The maximum of the given arguments, i.e., the smallest fancone containing them all. If no such cone exists, the functions returns FAIL. All arguments must have the same domain; at least one argument must be given.

minimum
```minimum(C1::FANCONE, ...)::FANCONE
```

The minimum of the given arguments, i.e., the largest fancone contained in all of them. All arguments must have the same domain; at least one argument must be given. Note that the minimum is just the intersection of the arguments (but with the additional domain information).

preimage
```preimage(C::FANCONE, A::{mat, rational, real_infinity})::FANCONE
```

The result is a FANCONE whose domain is the preimage of the domain of C. See CONE[preimage] and FAN[preimage].

transversalfan
```tranversalfan(C::FANCONE, A::name)::FAN
```

The fan "transversal" to C in domain(C).
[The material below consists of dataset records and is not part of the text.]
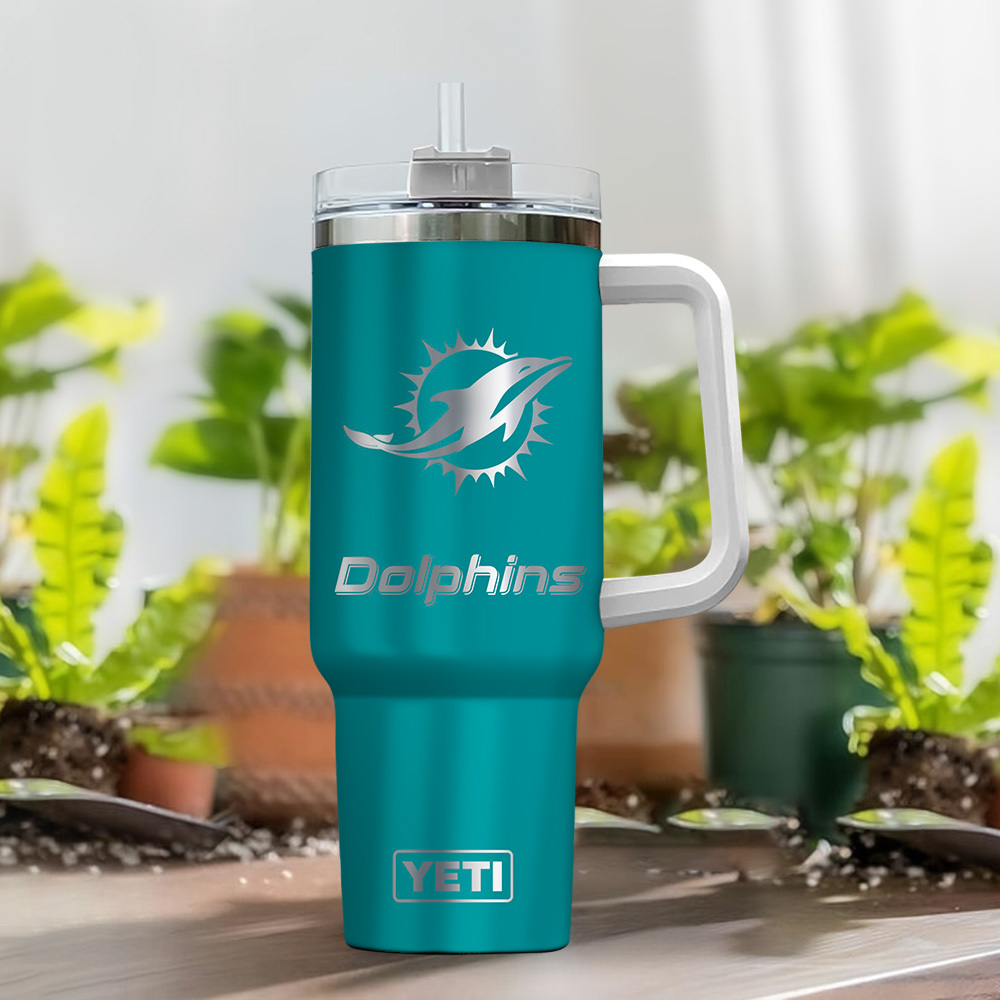Custom YETI Tumbler – Personalized NFL Dolphins Design with Your Name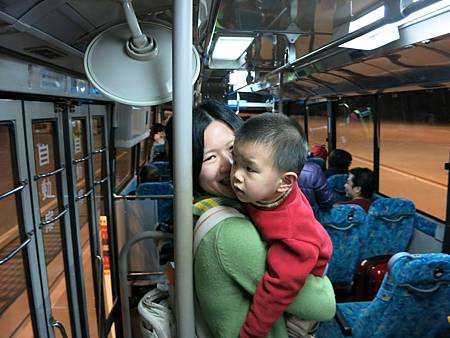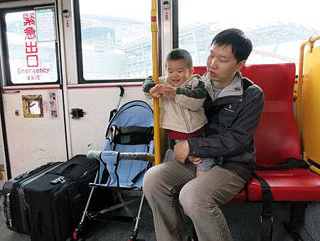 p往機場的高鐵接駁車。左邊是小瓜的推車、我們的20吋和24吋行李箱,
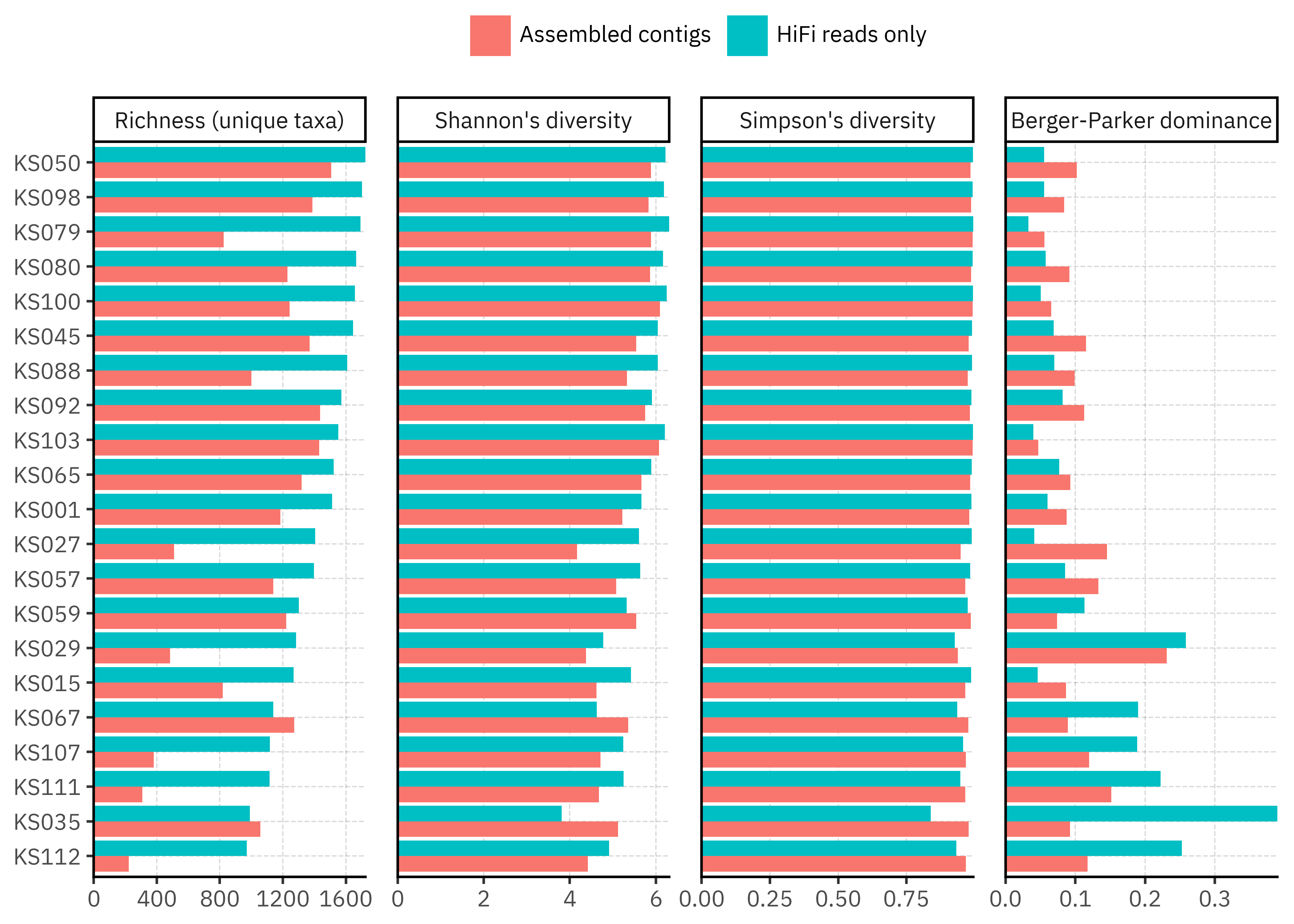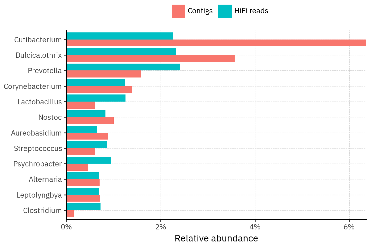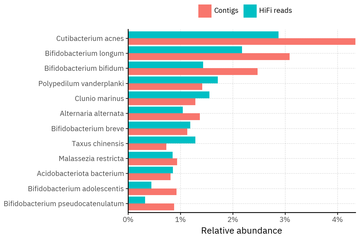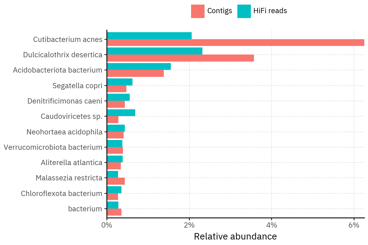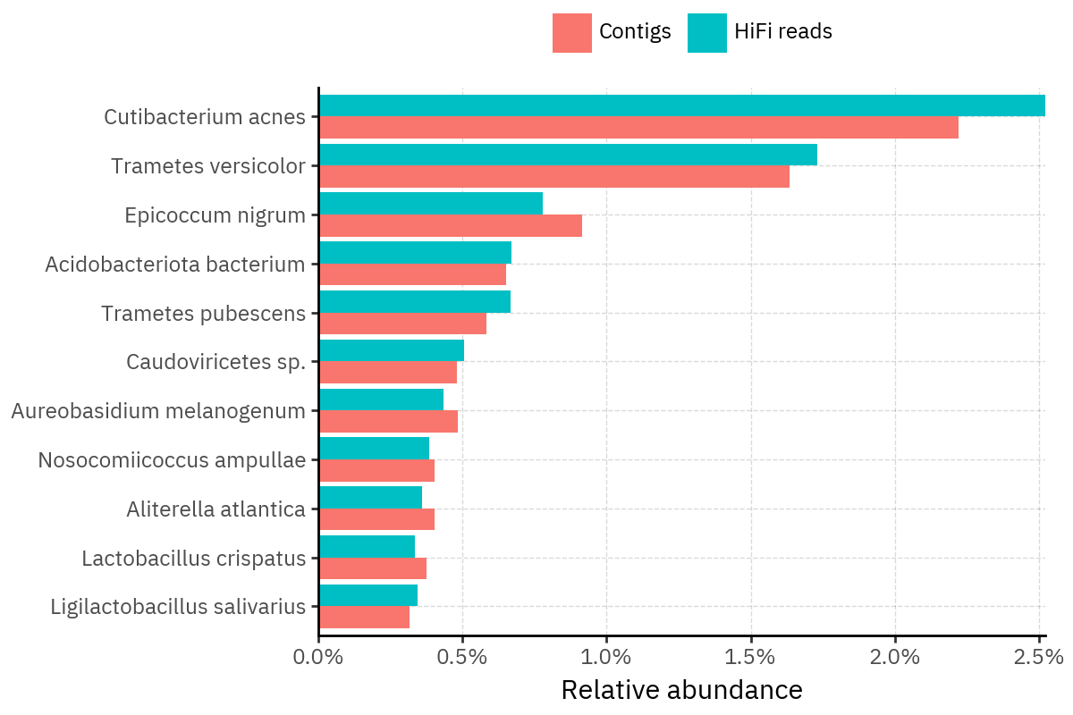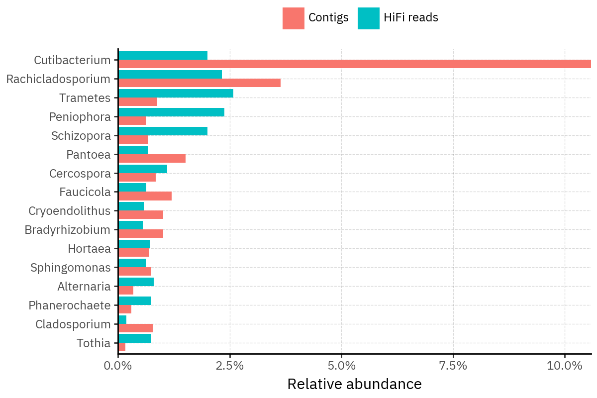 %load_ext rpy2.ipythonAssembled contigs vs long HiFi reads for taxonomic classification
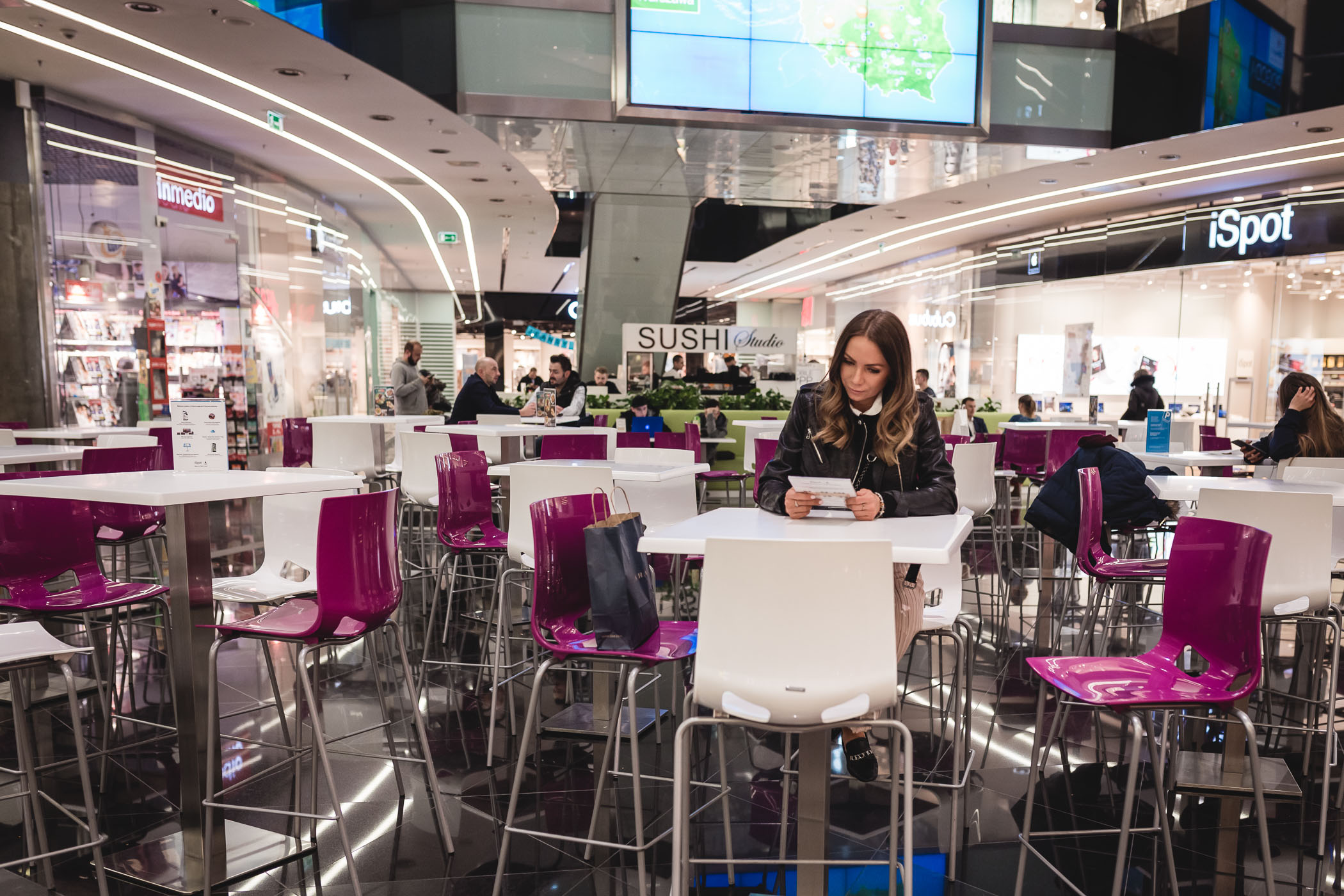 Zanim jednak wyruszyłam odkrywać nowe kolekcje, musiałam uzupełnić poranną dawkę kofeiny, usiadłam wygodnie w Costa Coffee na moim ulubionym podwójnym espresso z delikatną pianką, otworzyłam laptopa, aby odpisać na zaległe maile, dokończyć nowy post na bloga oraz obróbkę zdjęć. Warto tu przyjść zwłaszcza o poranku, wpadające przez szklany dach promienie słońca dają niesamowity zastrzyk energii. Gdy już wszystko udało mi się skończyć oraz naładować baterie mogłam ze spokojną głową wyruszyć na zakupy.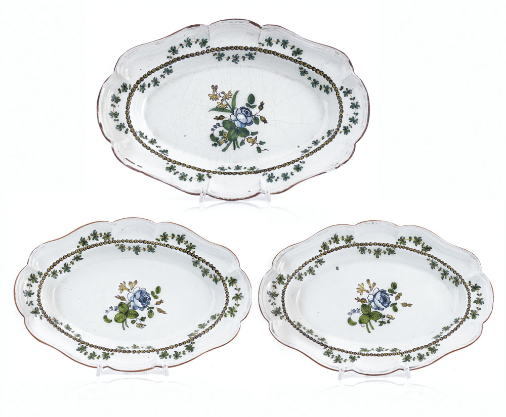 UNA COPPIA DI PIATTI OVALI E UN PIATTO OVALE IN MAIOLICA, NAPOLI, XVIII SECOLO, profili polilobati, decoro policromo centrato da mazzetto di fiori e bordo ad ovuli con festoni ondulati di foglie; uno con lievi sbeccature, tutti recano etichetta di G.Brandi Antichità Napoli.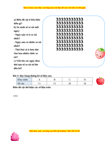 Bài 3: Đọc bảng thống kê số liệu sau: Khu vườn A B C D Số cây 11 15 20 18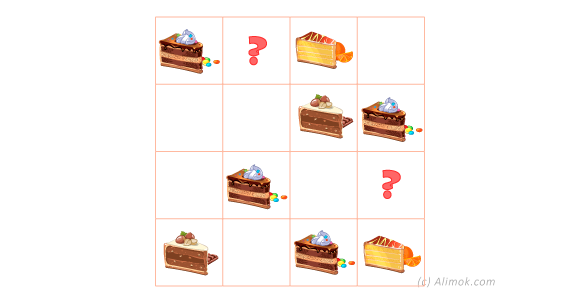 Выбери кусок торта, который должен стоять на месте вопросительных знаков?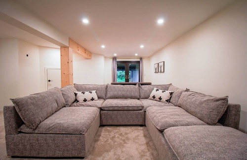 indulge in movie nights and relaxed lounging in the bear's den, a cozy retreat adjacent to the lower bedroom Unwind on the oversized sectional sleeper sofa, perfectly suited for both relaxation and accommodating extra guests. Set the mood with dimmable inset LED lighting, creating the ideal ambiance for movie night. Enjoy added convenience with the en suite full bathroom, ensuring comfort and privacy during your stay.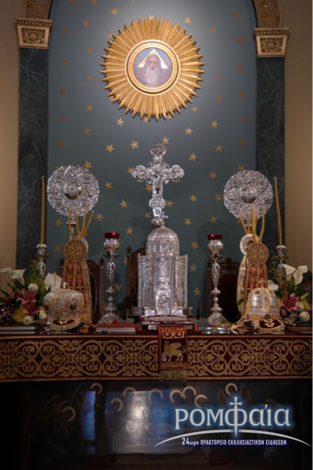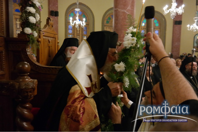 Στον εσπερινό χοροστάτησε ο Πανιερώτατος Μητροπολίτης Κιτίου κ. Χρυσόστομος, παρουσία του Πατριάρχη Αλεξανδρείας κ. Θεοδώρου Β, του Αρχιεπισκόπου Αθηνών και πάσης Ελλάδος κ. Ιερωνύμου και πλήθους Αρχιερέων.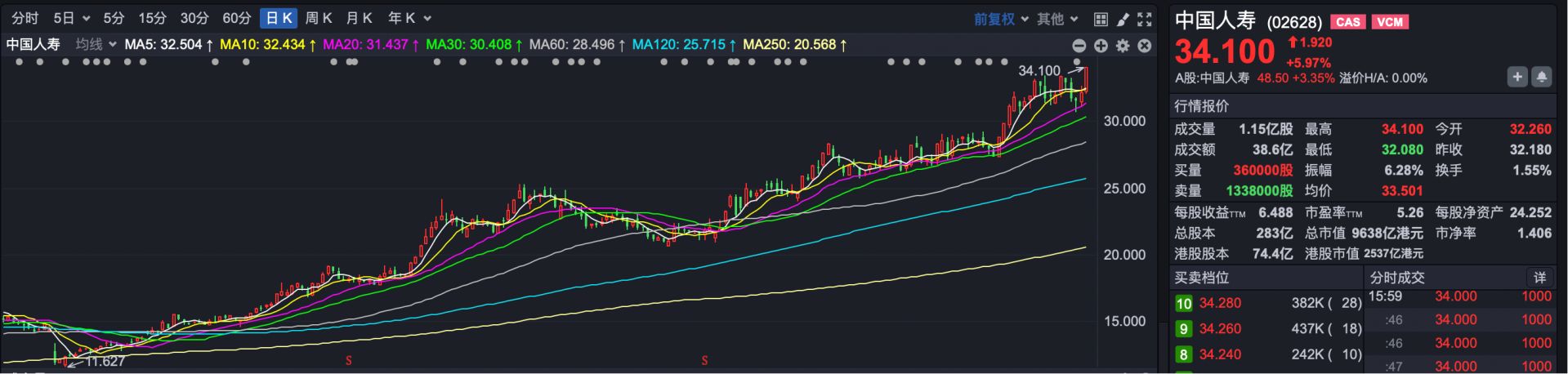 其中,中国人寿(HK02628)涨近6%,创出2015年5月以来新高。此外,友邦保险(HK01299)涨超4%,新华保险、中国人民保险集团涨超3%,中国太平、中国太保、阳光保险、中国平安涨超2%。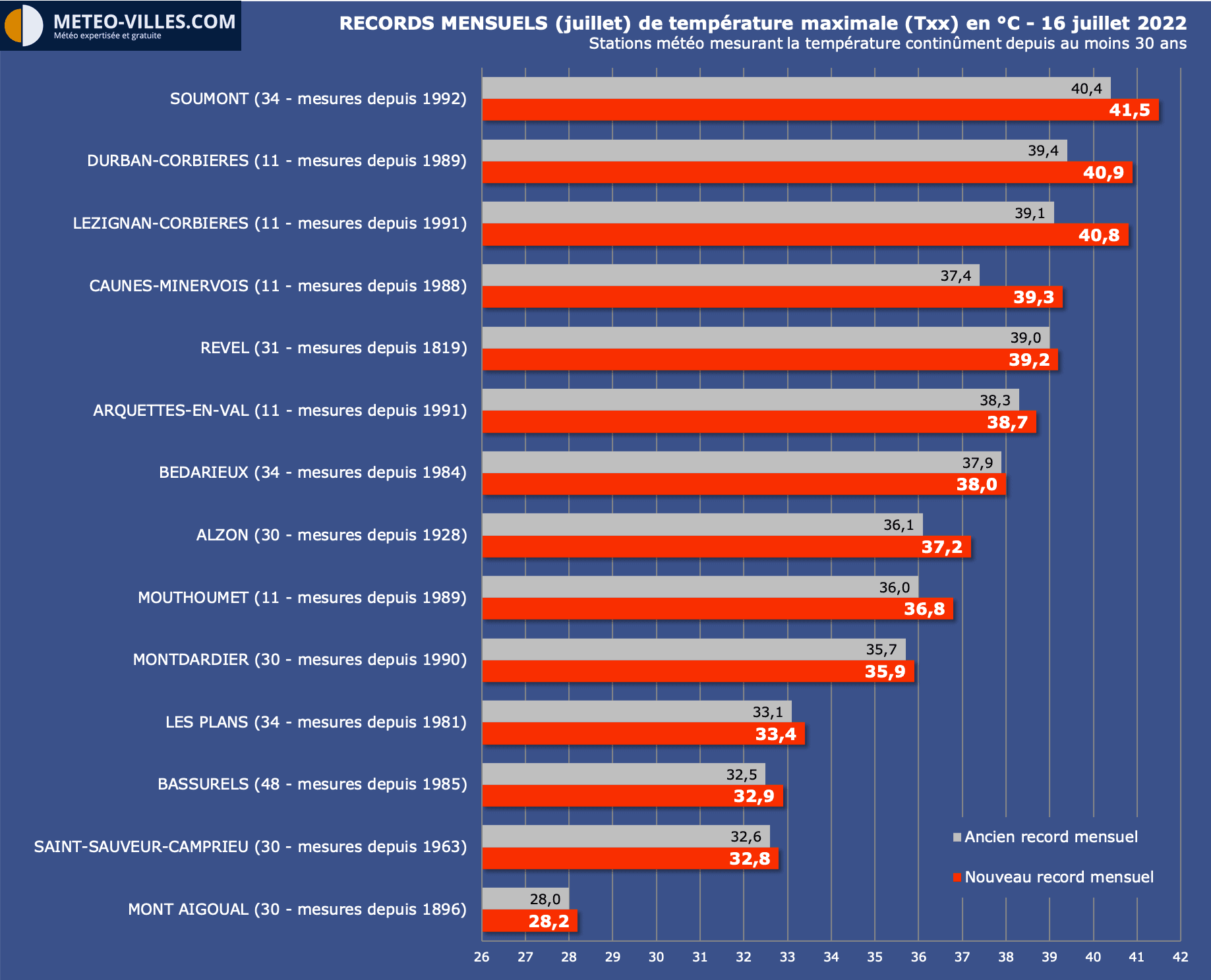 Face à de telles températures, ce sont de nouveaux records pour un mois de juillet qui ont été battus durant l'après-midi. Pour certaines villes de l'Hérault ou de l'Aude, l'ancien record mensuel a été battu pour la 2e fois voire même la 3e fois en quelques jours (Soumont, Arquettes-en-Val, Caunes-Minervois...).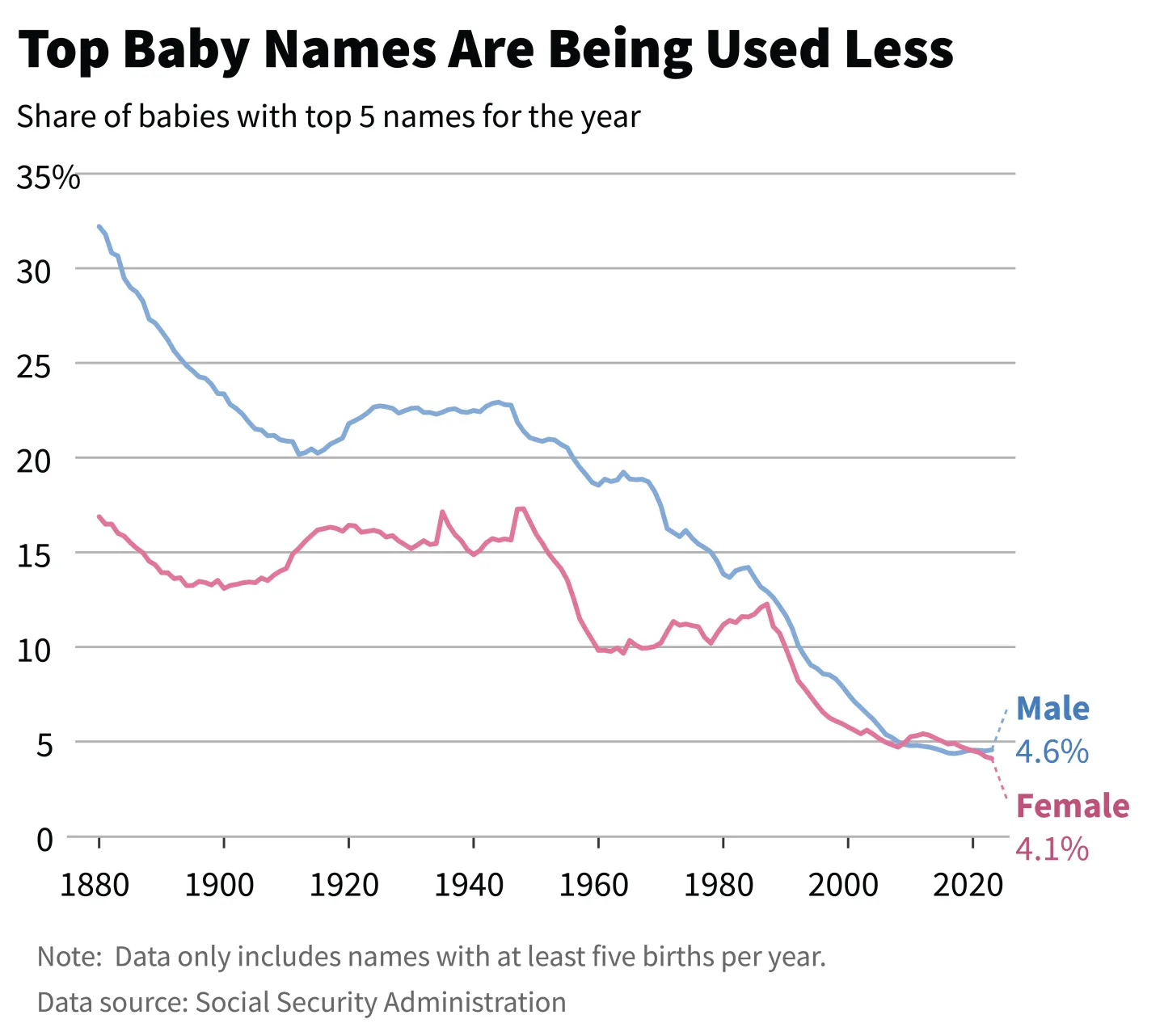 [11] 我向你们展示的几乎所有数据都来自美国,所以我很有兴趣听听世界其他地方正在发生什么。我的预测是,发展起初会导致特立独行的激增,因为人们获得了更多表达自己的方式——例如,当人们唯一能买得起的车是 T 型车时,所有的车看起来都是一样的,然后当更多的竞争者出现时,事情会变得更有趣。但随着变得“怪”的成本增加,你最终会看到离经叛道的衰落。反正这是我的猜测。

The optional argument A receives the mat associated with the projection onto the quotient lattice.

The name "transversal fan" was suggested by Gottfried Barthel. In W. Fulton, Introduction to Toric Varieties, Princeton 1993, it is called the "star", and in fact the elements of the transversal fan of C correspond bijectively to the elements of the star of C.